Gonzalez Gerardo, Sevarino Kevin, Sofuoglu Mehmet, Poling Jim, Oliveto Alison, Gonsai Kishor, George Tony P, Kosten Thomas R
Department of Psychiatry, Yale University School of Medicine, West Haven, CT, USA.
Addiction. 2003 Nov;98(11):1625-32. doi: 10.1046/j.1360-0443.2003.00544.x.
We sought to evaluate the safety and efficacy of the GABAergic agent tiagabine in reducing cocaine use among methadone-treated patients.
Ten-week randomized double-blind placebo-controlled trial.
Opiate Treatment Research Program, Veteran's Affairs Connecticut Healthcare System in West Haven, Connecticut, USA.
The participants were 45 cocaine-dependent methadone-treated patients who were predominately Caucasian (75.6%), male (77.8%) and never married (53%) with an average age of 38 years (SD = 6.5).
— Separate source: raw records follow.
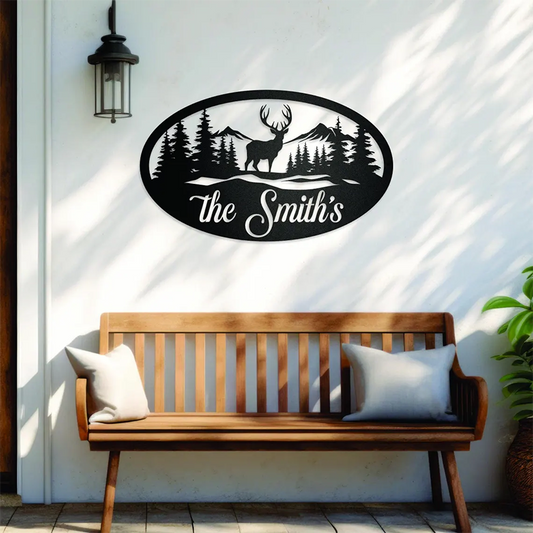Personalized Oval Deer Metal Cabin Sign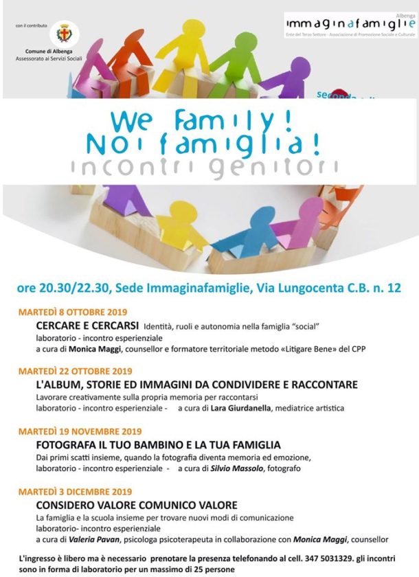 • WE FAMILY! progetto gruppo genitori, quattro incontri tematici presso IMMAGINAFAMIGLIE per massimo 25 genitori ad incontro condotti da professionisti dell’Associazione;
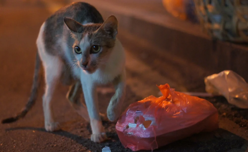 A cat scratches at a bag in search of a few scraps. If you visit Melacca you’ll notice plenty of critters roaming about.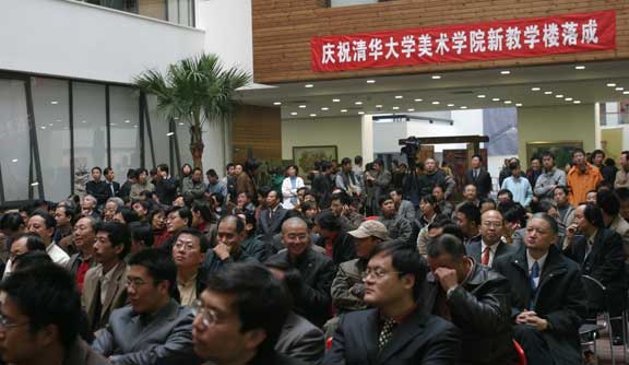 典礼由清华大学美术学院党委书记王进展主持。清华大学美术学院基建委员会领导、清华大学美术学院工程设计单位公司总裁Mr. Henry Mann先生、清华大学美术学院工程施工单位领导叶大伟等为典礼致词。他们表示:清华大学美术学院是师资力量雄厚,专业配置齐全、理论研究与社会实践于一体的综合性、多学科、高层次、享誉国内外的高等艺术设计院校。在清华大学美术学院建院49周年这个喜庆的日子里,举行美院新教学楼的落成典礼,是学院组建、成立以来的又一盛事。随着美院大楼的顺利交接使用,作为艺术院校的清华大学美术学院将与清华大学共同成长。大楼的成功启用基于学院领导的高瞻远瞩,更是相关单位全力配合、辛苦工作的结果。他们感谢为大楼建设倾注全部心血、兢兢业业工作的所有参建者,祝愿清华大学美术学院在新教学楼的启用下创造更加美好的明天。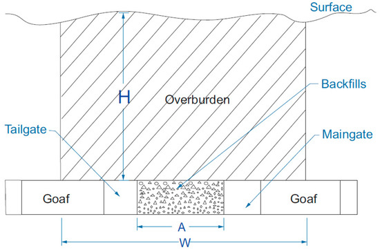 where is the required field stress; is the UCS measured in laboratory; is the width of mining face; and is the height of the backfills. The theory of effective area refers to the backfill area and the weight of the overburden is fully applied on the backfill materials. In the field trial, we used the backfilling mining method to recover the strip mining pillars, as illustrated in Figure 10. Equation (3) was used to calculate the stress applied on the backfills. The weight of the overburden supported by the backfills was calculated as: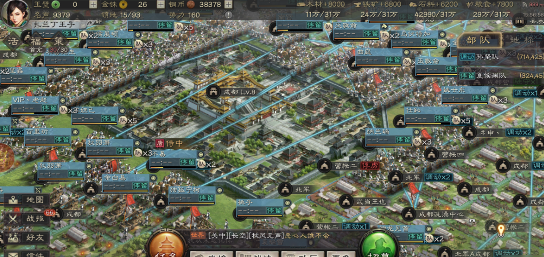 武将培养需注重战法联动性,新手期战法点返还比例为100%,可自由调整技能搭配。紫色武将觉醒后强度接近低红度橙将,是零氪玩家的过渡首选。每日必做事项包括贼寇讨伐、试炼挑战和木牛流马拦截,这些玩法能稳定提供资源补充。赛季中期若发展受阻,可通过分城建设或迁至资源州重新布局,比重生更利于保留核心战力。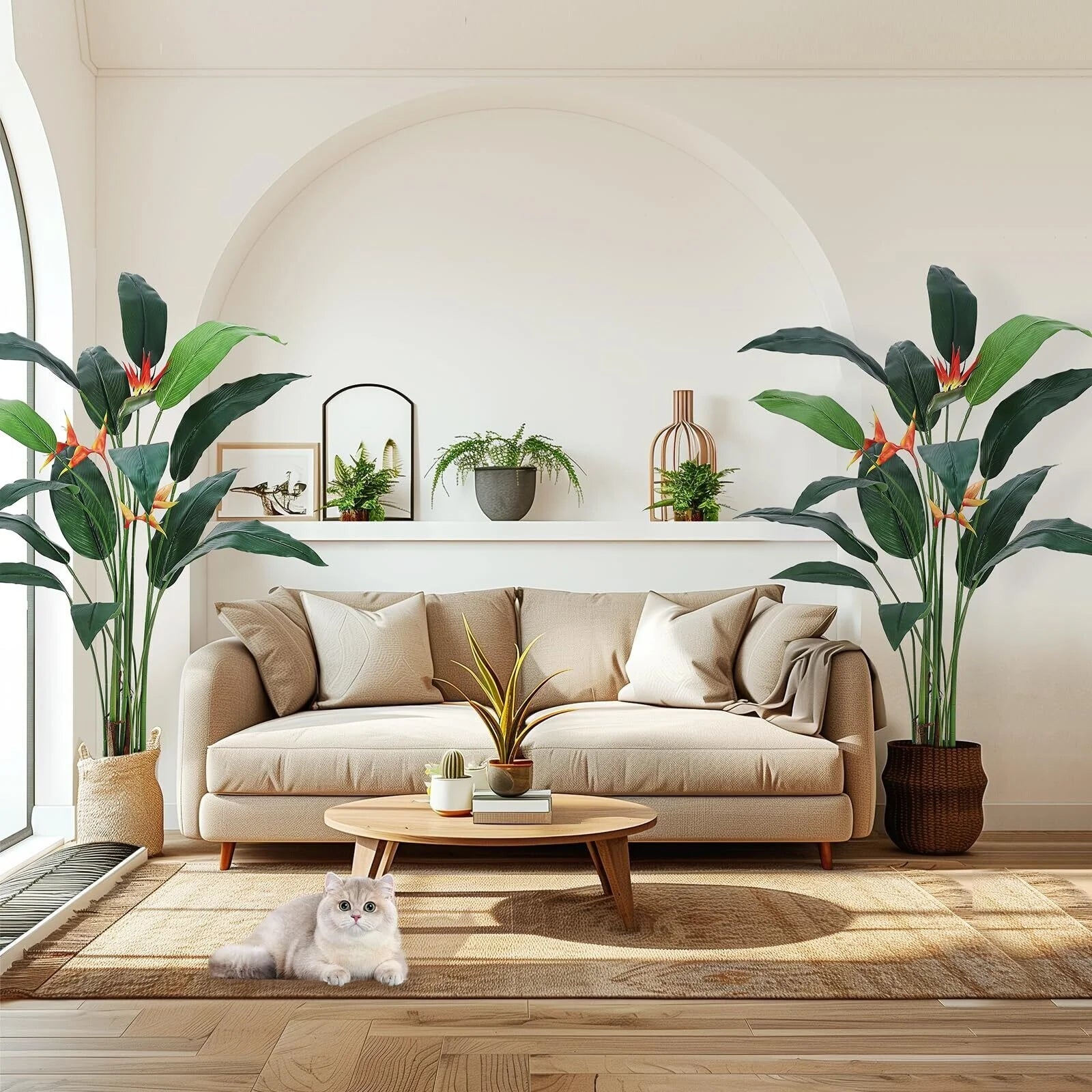 【Easy to Assemble】This pre-assembled Bird of Paradise plant is easy to assemble; simply arrange different-sized leaves according to your preference to create a complete Bird of Paradise plant. The branches are equipped with sturdy metal wires inside, allowing you to adjust them to your desired shape without easily breaking or shedding. Even the height of the leaves can be adjusted according to your liking, ensuring you have a unique and eye-catching Bird of Paradise plant in your home.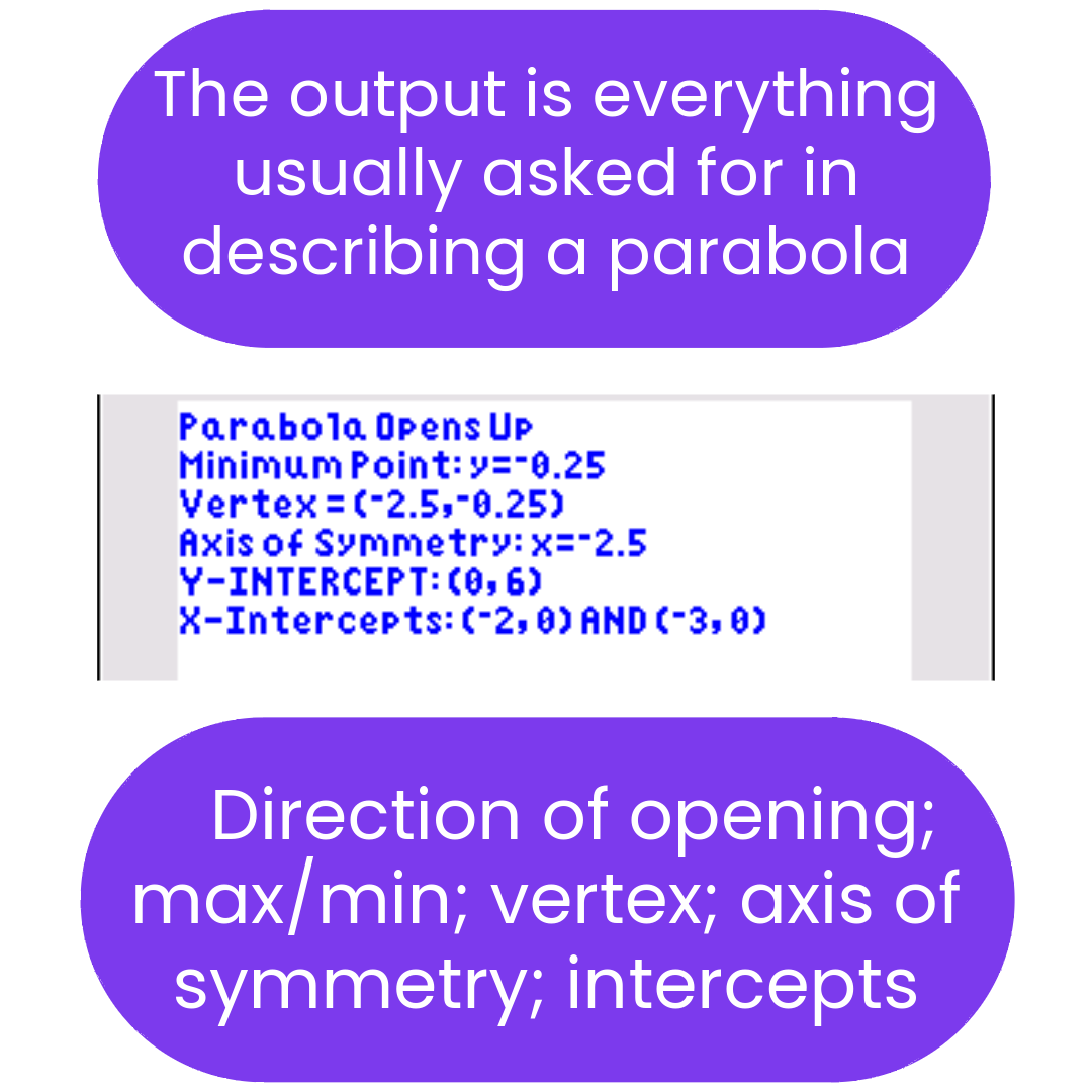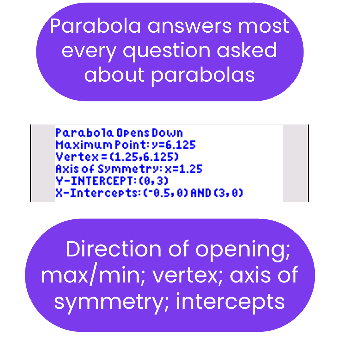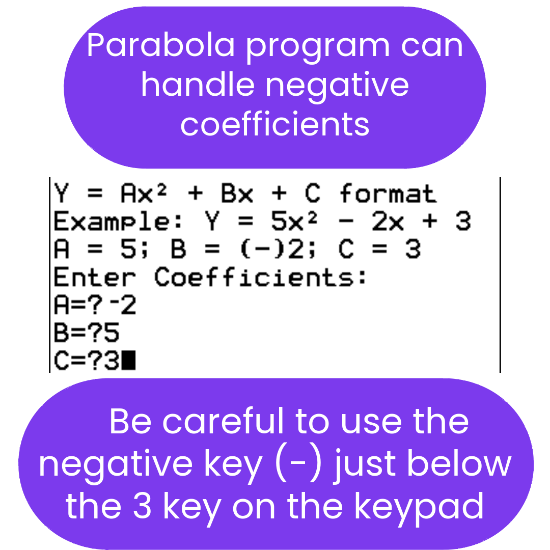 Struggling with quadratic equations in the form y = Ax² + Bx + C? This TI-84 Plus CE program takes the guesswork out of parabola problems and gives you everything you need: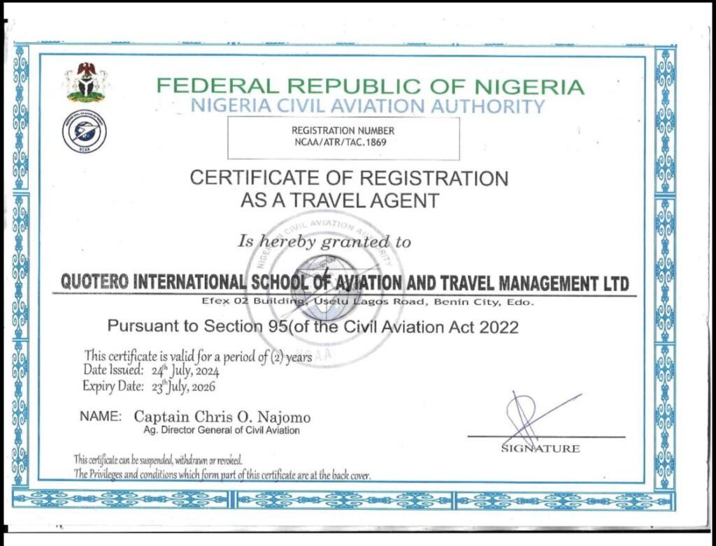 Quotero International School of Aviation and Travel Management (QISATM) was established to meet the growing demand for skilled professionals in the aviation, travel, and tourism industries. Registered with the Corporate Affairs Commission (RC No. 1976342), QISATM builds on years of industry experience as a travel and consultancy organization.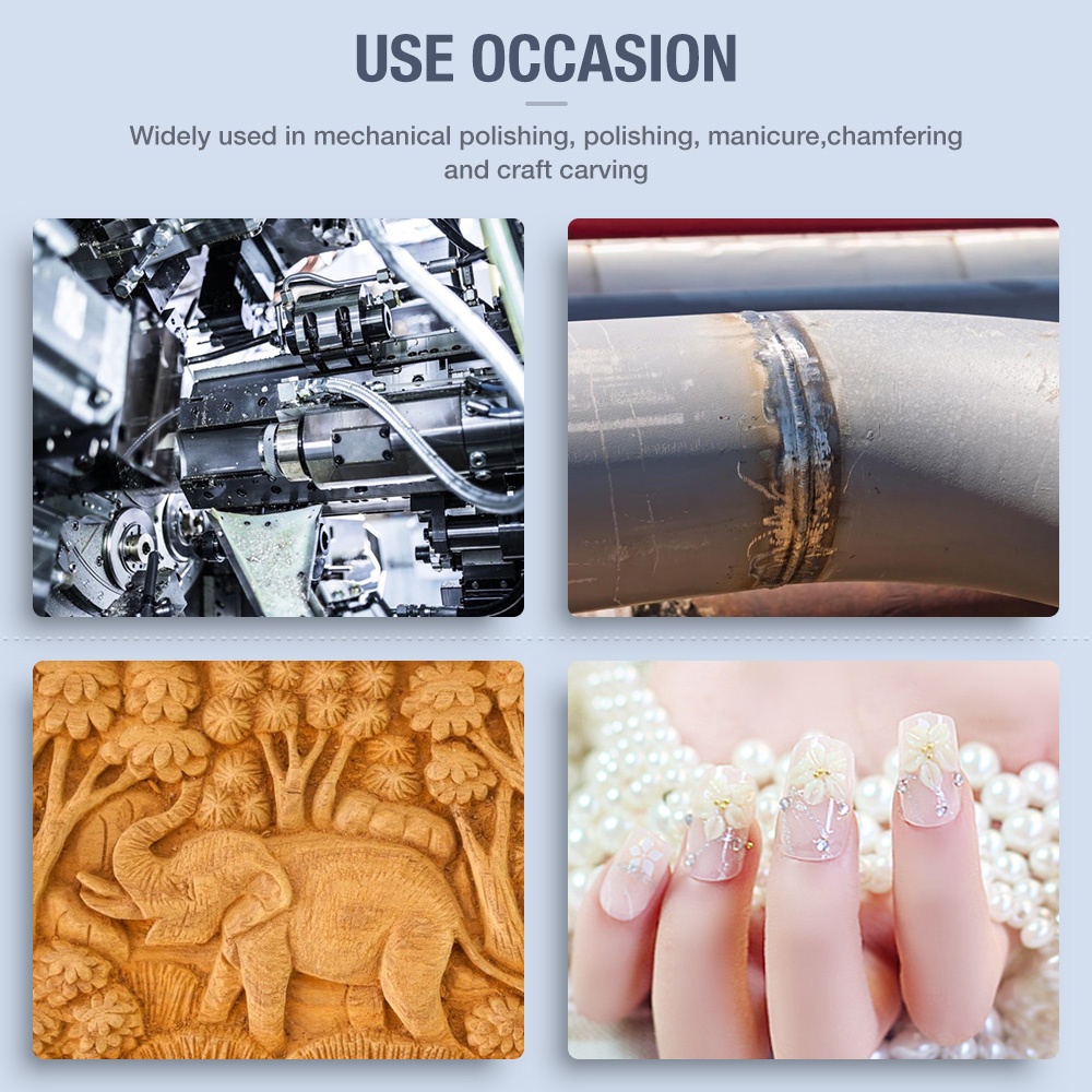 Hiệu quả cao Không tản nhiệt Khả năng chống mài mòn tối đa Lớp phủ Nano đảm bảo tuổi thọ cao cho phần Có thể giặt, khử trùng và khử trùng. Máy khoan gốm, lý tưởng để điêu khắc, định hình, san phẳng, đánh bóng và loại bỏ mô hình trên móng tay nhân tạo. Hiệu quả cao, tạo ít bụi hơn và ít ma sát, nhiệt tối thiểu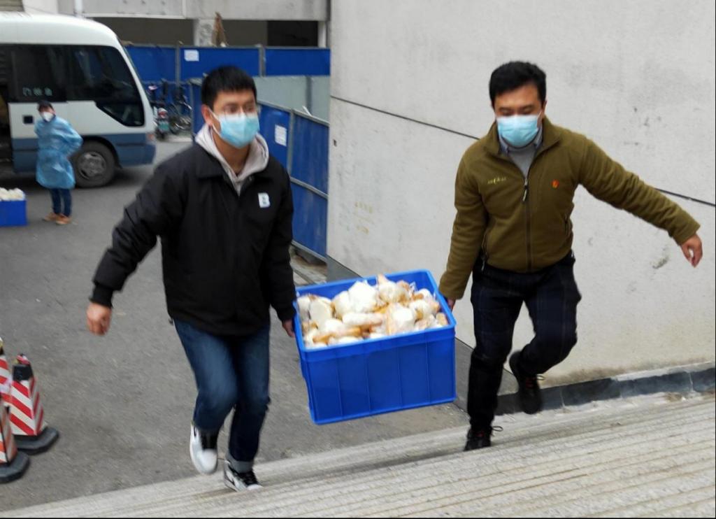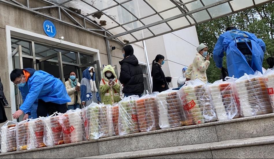 上系列图为教职员工、学生志愿者运送、分发餐食。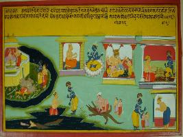 | Description / विवरण | Miniature painting based on Krishna charitra - Sur Sagar depicting Rag Nata, Ragini of Rag Deepak. At the left side coronation of Ram is depicted after Ram and Lakshman killed Ravan. Next to it, towards left Vishnu appears before Surdas. Next to it Narasimha avatar of Vishnu is depicted. At the lower part a man killed a crocodile and take out two Brahmans from his stomach and Krishna left them at their home. On the upper left Krishna drinking with a man. |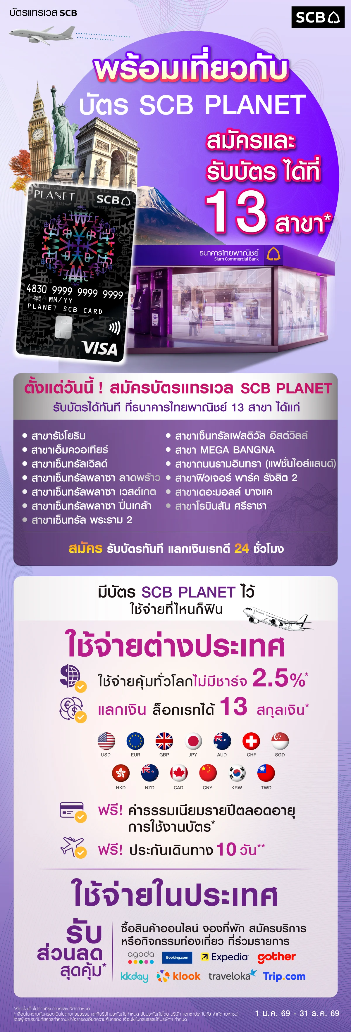 สมัครบัตร PLANET SCB รับบัตรได้ที่ 13 สาขา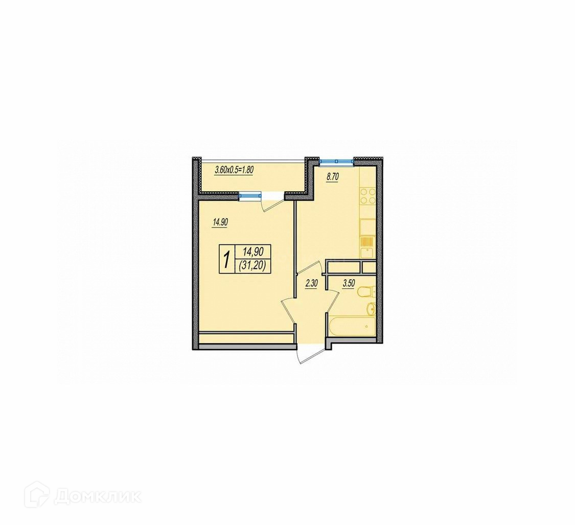 Площадь: 31,2 м2

Comparison groups received tiagabine 12 mg/day (n = 15), tiagabine 24 mg/day (n = 15) or placebo (n = 15).
Baseline assessments included the Structured Clinical Interview for DSM-IV, the Addiction Severity Index, a urine drug test, self-reported use and opiate withdrawal scales. Urine drug tests were performed thrice weekly.
Treatment retention was over 80% for all treatment groups. The sample mean (+/- SE) of cocaine-free urines for the first week after study entry and before tiagabine was started was 1.16 (0.19) urines/week. During weeks 9 and 10 cocaine-free urines increased significantly from baseline by 33% with high-dose tiagabine (24 mg/day), by 14% with low-dose tiagabine (12 mg/day) and decreased by 10% with placebo (hierarchical linear model, Z= 2.03; P < 0.05). Self-reported cocaine use also decreased significantly more with active medications than with placebo.
Tiagabine at 24 mg/day was well tolerated among these methadone-treated patients with only one reporting headache. Tiagabine appears to be a promising GABAergic medication that moderately improves cocaine-free urines.
我们试图评估γ-氨基丁酸能药物噻加宾在减少美沙酮治疗患者可卡因使用方面的安全性和有效性。
为期十周的随机双盲安慰剂对照试验。
美国康涅狄格州韦斯特黑文退伍军人事务康涅狄格医疗系统的阿片类药物治疗研究项目。
45名依赖可卡因且接受美沙酮治疗的患者,主要为白种人(75.6%),男性(77.8%),从未结婚(53%),平均年龄38岁(标准差=6.5)。
比较组分别接受12毫克/天的噻加宾(n = 15)、24毫克/天的噻加宾(n = 15)或安慰剂(n = 15)。
基线评估包括《精神疾病诊断与统计手册》第四版的结构化临床访谈、成瘾严重程度指数、尿液药物检测、自我报告的使用情况和阿片类药物戒断量表。每周进行三次尿液药物检测。
所有治疗组的治疗保留率均超过80%。研究开始后且在开始使用噻加宾之前的第一周,无可卡因尿液的样本均值(±标准误)为每周1.16(0.19)次尿液检测结果。在第9周和第10周,高剂量噻加宾(24毫克/天)组无可卡因尿液从基线水平显著增加33%,低剂量噻加宾(12毫克/天)组增加14%,安慰剂组减少10%(分层线性模型,Z = 2.03;P < 0.05)。与安慰剂相比,使用活性药物后自我报告的可卡因使用量也显著减少。
在这些接受美沙酮治疗的患者中,24毫克/天的噻加宾耐受性良好,只有一人报告有头痛症状。噻加宾似乎是一种有前景的γ-氨基丁酸能药物,可适度增加无可卡因尿液的次数。